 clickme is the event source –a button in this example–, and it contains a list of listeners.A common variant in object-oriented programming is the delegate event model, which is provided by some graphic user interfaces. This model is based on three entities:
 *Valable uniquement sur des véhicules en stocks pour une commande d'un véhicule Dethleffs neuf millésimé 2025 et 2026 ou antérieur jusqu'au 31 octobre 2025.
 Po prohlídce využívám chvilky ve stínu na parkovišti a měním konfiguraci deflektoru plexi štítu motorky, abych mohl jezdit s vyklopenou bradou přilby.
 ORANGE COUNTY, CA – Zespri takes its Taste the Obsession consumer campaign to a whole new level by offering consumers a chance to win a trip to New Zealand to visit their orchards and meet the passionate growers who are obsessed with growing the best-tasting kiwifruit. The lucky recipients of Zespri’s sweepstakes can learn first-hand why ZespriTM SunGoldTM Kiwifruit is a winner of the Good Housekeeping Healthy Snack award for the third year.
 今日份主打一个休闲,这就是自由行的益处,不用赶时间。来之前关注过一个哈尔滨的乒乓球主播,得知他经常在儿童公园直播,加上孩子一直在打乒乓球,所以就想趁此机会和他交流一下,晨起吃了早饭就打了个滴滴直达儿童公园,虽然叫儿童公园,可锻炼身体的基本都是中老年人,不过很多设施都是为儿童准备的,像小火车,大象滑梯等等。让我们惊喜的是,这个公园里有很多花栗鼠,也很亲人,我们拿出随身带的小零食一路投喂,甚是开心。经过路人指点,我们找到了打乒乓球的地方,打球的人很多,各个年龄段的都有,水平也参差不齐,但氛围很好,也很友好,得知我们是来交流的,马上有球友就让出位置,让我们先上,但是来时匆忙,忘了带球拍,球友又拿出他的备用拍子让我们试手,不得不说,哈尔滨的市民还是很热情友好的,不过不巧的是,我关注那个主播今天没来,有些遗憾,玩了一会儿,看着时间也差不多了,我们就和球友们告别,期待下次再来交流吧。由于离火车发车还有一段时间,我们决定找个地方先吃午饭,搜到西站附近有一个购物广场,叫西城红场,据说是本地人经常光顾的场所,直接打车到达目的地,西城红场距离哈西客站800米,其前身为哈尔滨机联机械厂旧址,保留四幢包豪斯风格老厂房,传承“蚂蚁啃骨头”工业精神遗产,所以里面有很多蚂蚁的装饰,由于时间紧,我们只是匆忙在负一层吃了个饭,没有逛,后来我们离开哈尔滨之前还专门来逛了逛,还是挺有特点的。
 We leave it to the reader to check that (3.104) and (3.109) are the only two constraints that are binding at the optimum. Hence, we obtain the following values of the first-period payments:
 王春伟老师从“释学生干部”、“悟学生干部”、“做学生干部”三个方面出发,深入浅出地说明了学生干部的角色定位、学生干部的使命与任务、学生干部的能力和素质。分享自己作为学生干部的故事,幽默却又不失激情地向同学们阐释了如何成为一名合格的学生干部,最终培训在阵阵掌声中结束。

+--

Your reply should hold only the lines from the first line of the records through the one with "31 octobre 2025.", reproduced word for word.

### Task answer
 clickme is the event source –a button in this example–, and it contains a list of listeners.A common variant in object-oriented programming is the delegate event model, which is provided by some graphic user interfaces. This model is based on three entities:
 *Valable uniquement sur des véhicules en stocks pour une commande d'un véhicule Dethleffs neuf millésimé 2025 et 2026 ou antérieur jusqu'au 31 octobre 2025.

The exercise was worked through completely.